- **Work order**:
Leaving the pictures aside, transcribe every line below exactly.

- **Raw data**:
────

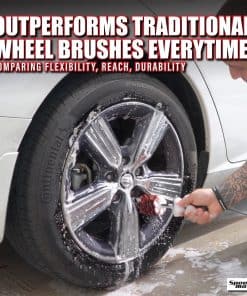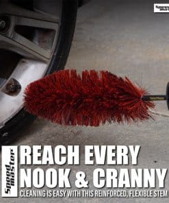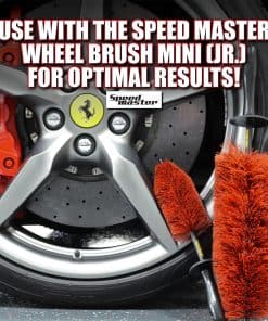 El cepillo de ruedas speed master fue desarrollado para limpiar los diseños de ruedas actuales de manera más efectiva que cualquier otro cepillo en el mercado. El cepillo de ruedas speed master fue fabricado según mis especificaciones exactas, hasta las cerdas rojas de carro de carreras. El cepillo de ruedas speed master tiene un resistente tallo que se dobla para limpiar detrás de los rayos y entre la rueda y la pinza de freno. Las cerdas tienen ligeras plumas en los extremos para limpiar suavemente acabados delicados de ruedas, como ruedas recubiertas o plateadas, sin rayar. Creo que este es el cepillo de ruedas definitivo. Limpia cualquier tipo de diseño y cualquier acabado de rueda con el cepillo de ruedas speed master.
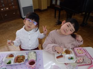 お楽しみメニューの給食も一緒に食べて、
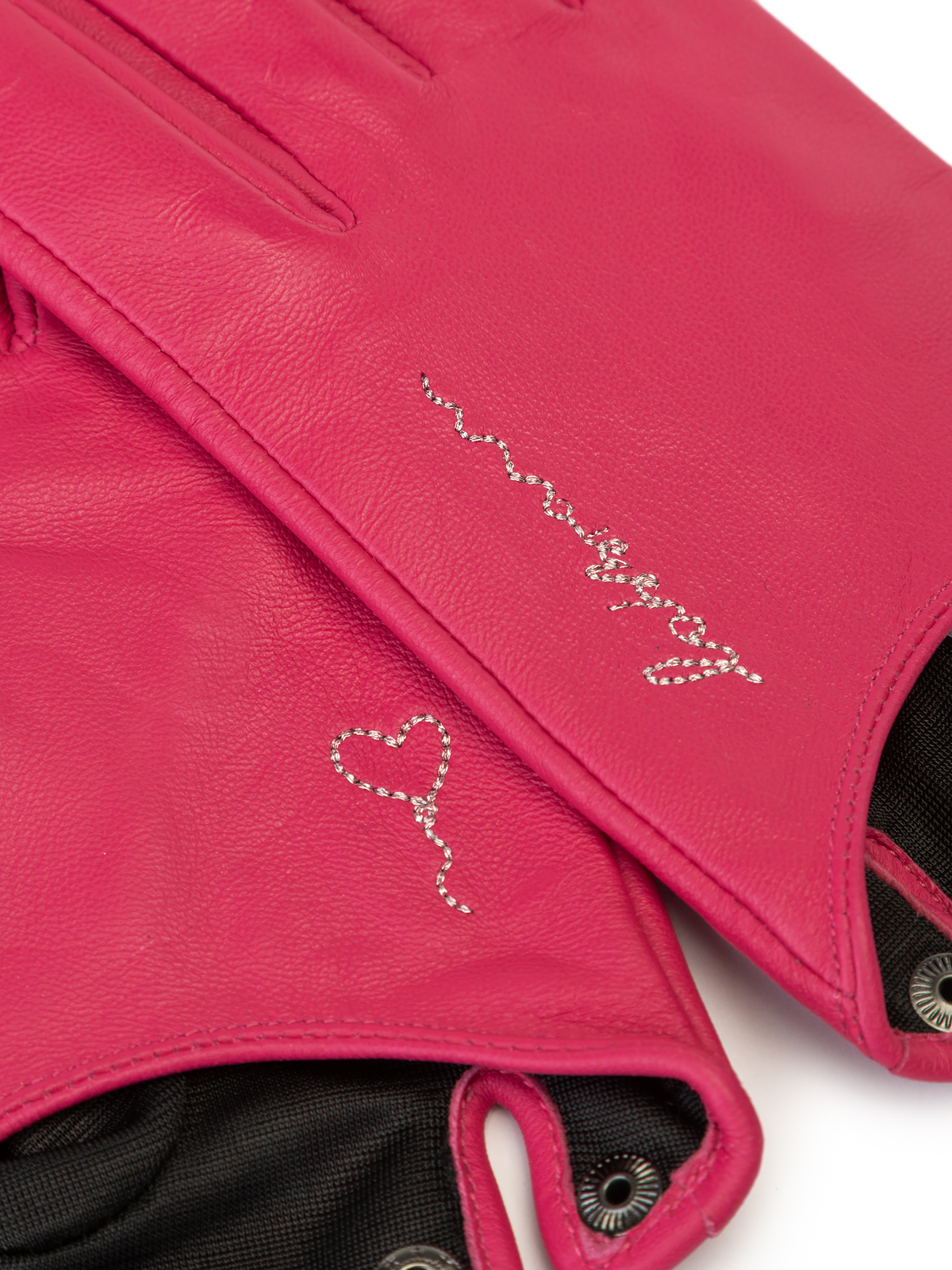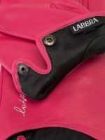 Перчатки женские торговой марки LABBRA производства Китай. Выполнены из натуральной кожи ягненка. Подкладка: шелк. Отделка - несимметричная декоративная вышивка на лицевой стороне контрастного цвета. Разрез на ладонной части с рабочей кнопкой обтянутой кожей. Длина манжеты от нижней точки большого пальца до края перчаток - 25 см. Длина пальцев - средняя.
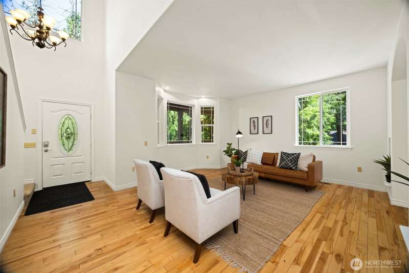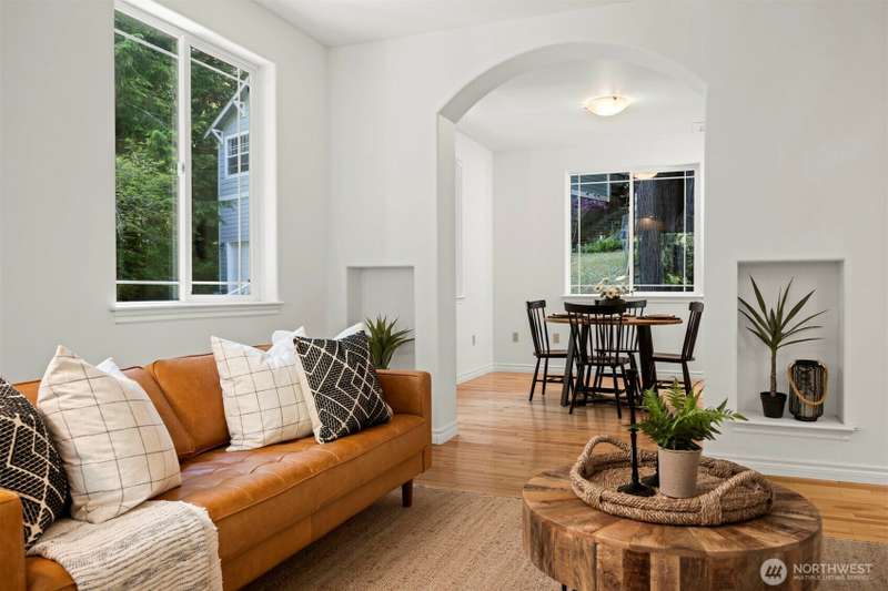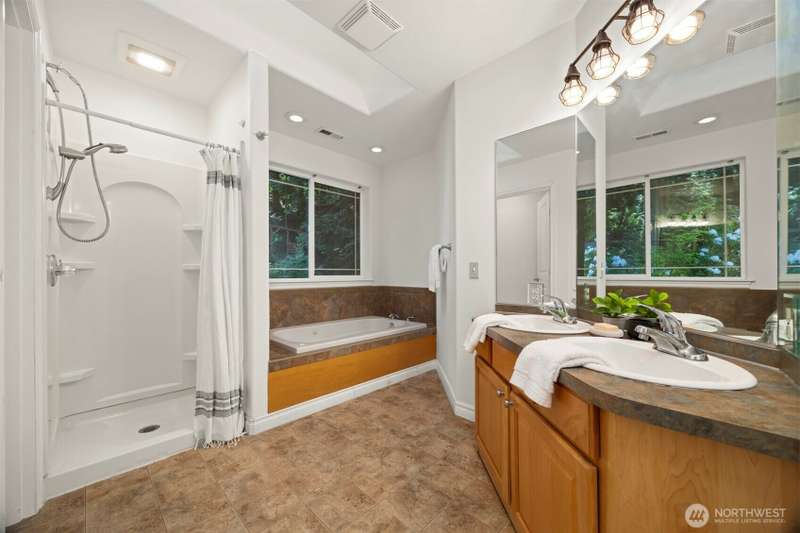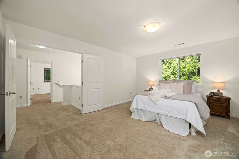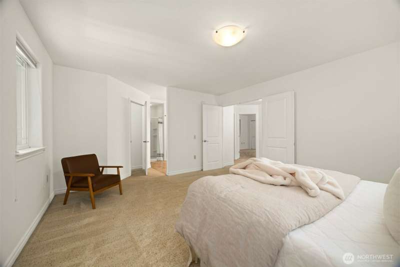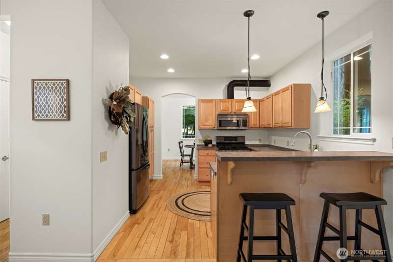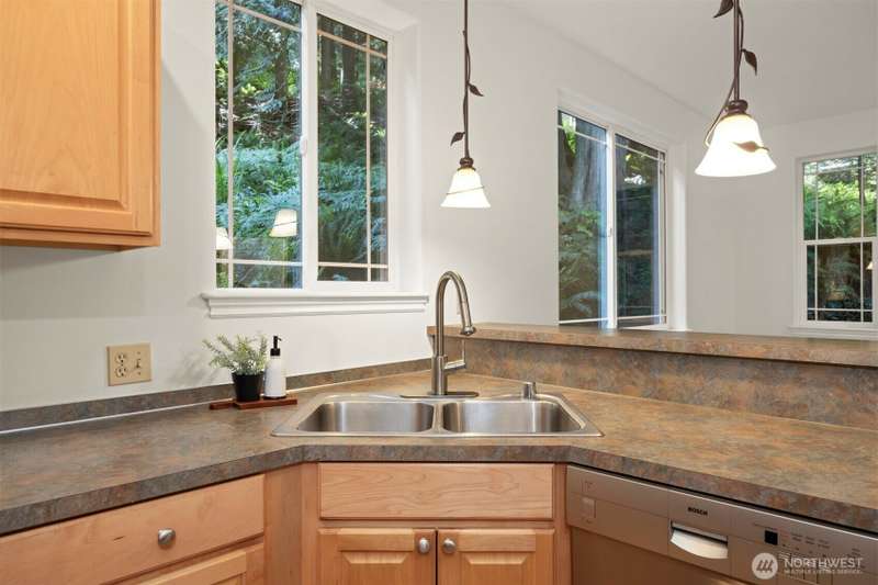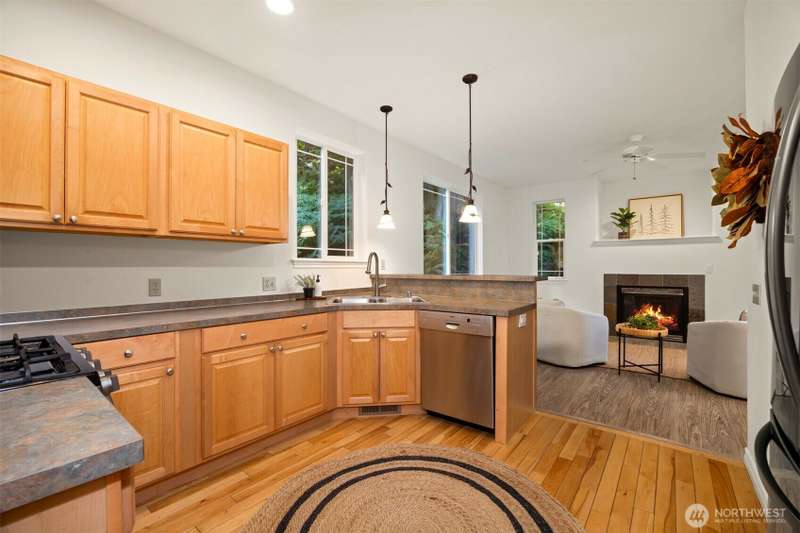 Tucked next to a greenbelt on a quiet dead-end street, this Sudden Valley home offers peace, privacy & convenience. No steep hills, no through traffic, & close to WTA & school bus stops. Step inside to hardwood floors & a bright, welcoming living room. Dining room flows off the kitchen, which opens to a cozy family room for added living space. Upstairs primary includes a walk-in & full en suite bath. 2 additional bedrooms & a 2nd full bath complete the upper level, while a half bath on the main floor adds everyday ease. With natural gas (no propane bills), a brand new roof, fresh interior paint, this home is move-in ready. 2-car garage, driveway & off-street parking offer plenty of room for guests. Golf, marina, beaches, trails & more!

────

- **Solved exercise**:
 El cepillo de ruedas speed master fue desarrollado para limpiar los diseños de ruedas actuales de manera más efectiva que cualquier otro cepillo en el mercado. El cepillo de ruedas speed master fue fabricado según mis especificaciones exactas, hasta las cerdas rojas de carro de carreras. El cepillo de ruedas speed master tiene un resistente tallo que se dobla para limpiar detrás de los rayos y entre la rueda y la pinza de freno. Las cerdas tienen ligeras plumas en los extremos para limpiar suavemente acabados delicados de ruedas, como ruedas recubiertas o plateadas, sin rayar. Creo que este es el cepillo de ruedas definitivo. Limpia cualquier tipo de diseño y cualquier acabado de rueda con el cepillo de ruedas speed master.
 お楽しみメニューの給食も一緒に食べて、
 Перчатки женские торговой марки LABBRA производства Китай. Выполнены из натуральной кожи ягненка. Подкладка: шелк. Отделка - несимметричная декоративная вышивка на лицевой стороне контрастного цвета. Разрез на ладонной части с рабочей кнопкой обтянутой кожей. Длина манжеты от нижней точки большого пальца до края перчаток - 25 см. Длина пальцев - средняя.
 Tucked next to a greenbelt on a quiet dead-end street, this Sudden Valley home offers peace, privacy & convenience. No steep hills, no through traffic, & close to WTA & school bus stops. Step inside to hardwood floors & a bright, welcoming living room. Dining room flows off the kitchen, which opens to a cozy family room for added living space. Upstairs primary includes a walk-in & full en suite bath. 2 additional bedrooms & a 2nd full bath complete the upper level, while a half bath on the main floor adds everyday ease. With natural gas (no propane bills), a brand new roof, fresh interior paint, this home is move-in ready. 2-car garage, driveway & off-street parking offer plenty of room for guests. Golf, marina, beaches, trails & more!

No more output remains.